Wednesday 11 March 2015

The continuing search for a big number

Wellbeing is big in politics at the moment – or perhaps it’s better known as the happiness agenda.  It’s a long time since David Cameron talked about replacing GDP as a metric with a happiness index, but it’s still a live issue in politics.  Last week the British Academy and Prospect hosted an event with some pretty eminent speakers including Gus O’Donnell and David Halpern.

As an agenda, wellbeing is meant to open out new ways of thinking about politics.  What I was struck by, though, was the how the debate was conducted in very much the same terms as any other.  Perhaps inevitably given the backgrounds of most of the speakers, this ended up being a very technocratic discussion.  The audience certainly didn’t seem to be at odds with this approach, with one comment from the floor stressing the need for a wellbeing ‘number’ to rival GDP.

It might seem that such a proposal seeks to fundamentally change how we approach and judge politics, but in fact it’s merely an echo of a well-established (and perhaps discredited?) mode of politics.  All through O’Donnell’s talk I was thinking about how much this was the worldview of a New Labour era technocrat.  He was talking about the importance of cost-benefit analysis, and how wellbeing ought to be included in such analyses, through approaches such as social return on investment tools.

My perspective is slightly different, having seen inside the sausage machine.  All those claims about how much £1 spent on drug treatment saves the public are reliant on locally-generated data and cost estimates.  These might be in right ballpark, but they make me question the ability of them to inform marginal decisions about what to fund or what policy to implement.

And GOD (as O’Donnell was known) seemed to realise this too, casting doubt on the figures used to calculate the savings HS2 will generate.

There have been well-documented issues with government by ‘numbers’, and I would have thought that the real potential opportunity the concept of ‘wellbeing’ offers is to rethink fundamentally how we approach political issues.  The problem with GDP as I see it is that it is a single number with little nuance.  To replace it with another single number would strike me as just as misguided.

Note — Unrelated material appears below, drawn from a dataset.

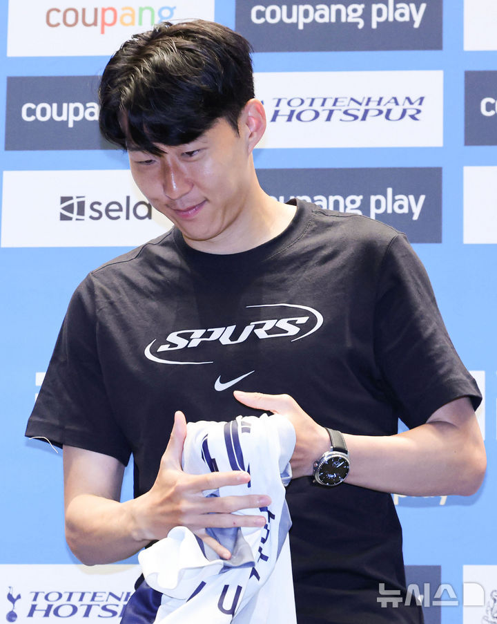 [서울=뉴시스] 권창회 기자 = 잉글랜드 프리미어리그 토트넘 홋스퍼 손흥민이 2일 오전 서울 여의도 IFC몰에서 열린 2025 쿠팡플레이 시리즈 토트넘 기자회견에서 기념촬영을 마치고 유니폼을 정리하고 있다. 2025.08.02. [email protected]

And of course most politicians haven’t focused simply on GDP.  It’s certainly a useful figure, but inequality is often also discussed, as are unemployment figures.  The fact is that politicians will always be looking for a figure that strengthens their case and position.

Wellbeing in this world isn’t an opportunity to fundamentally remodel politics; it’s a conceptual device to promote existing opinions.  Nic Marks, for example, at this event used wellbeing to argue that localism and further devolution of power was a good idea.  Personally, I can’t see what wellbeing adds to this debate – and I certainly can’t see that being pro-wellbeing should make you a localist.  I can imagine lots of public health advocates claiming that they believe in the importance of wellbeing and also noting the importance of national and international policy decisions on issues like alcohol.  Minimum unit pricing only really makes sense as a national policy, for example.  I’m not sure O’Donnell, with his view of policymaking and desire for a national wellbeing index, would agree with Marks either.

The most frustrating element of the event for me, though, was the lack of discussion around the potential role of a technocratic elite in making these decisions about what wellbeing might be and how it should be promoted.  David Halpern, the founder of the Behavioural Insights Team (better known as the Nudge Unit) originally within the Cabinet Office, revealingly stated that we’re often not very good at predicting what will make use happy.  He seemed to suggest that with better analysis and data we could get advice on making all sorts of decisions.  But giving that kind of advice really does mean having an idea of ‘eudaimonia’ agreed by society.  If analysts are to advise us on what makes us fulfilled, they’d surely need some kind of assumption about what fulfilment means for people in Britain.

And here’s the rub, and the key point of why GDP isn’t so bad after all – or, actually, why thinking in terms of money isn’t so bad.  (And I’m in the uncomfortable position of having to agree with Chris Snowdon on this – see p.92 on the value of economic growth here.)

The attraction of money – unless you’re modelling yourself on Silas Marner prior to the arrival of Eppie – is that you can exchange it for things you want.  You might spend £20,000 on a car.  I would think that to be mad, but it might make you ‘happy’ and ‘fulfilled’, and increase your ‘wellbeing’.  Money is a means to the end of individual fulfilment; wellbeing is that end – but to try to work out what it is for everyone seems to me to be a little fruitless.

Moreover, one of the dangers of focusing on wellbeing is that it misses the important point that money is a form of power.  The panellists suggested that we needed to focus on people who didn’t have high wellbeing rather than people who weren’t well off, but that leads me to worry (and this isn’t a particularly original thought) that we would be ignoring legitimate questions about the justice of the distribution of society’s rewards.  Money might not be everything, but it is something worth talking about.


Of course, politics isn’t – and shouldn’t be – simply about improving people’s financial lot, but the vision proposed at Senate House last Wednesday didn’t strike me as being any better.  The idea of wellbeing foregrounds issues of values, and we shouldn’t duck debates about these by thinking we can somehow resolve issues with a new all-encompassing ‘number’.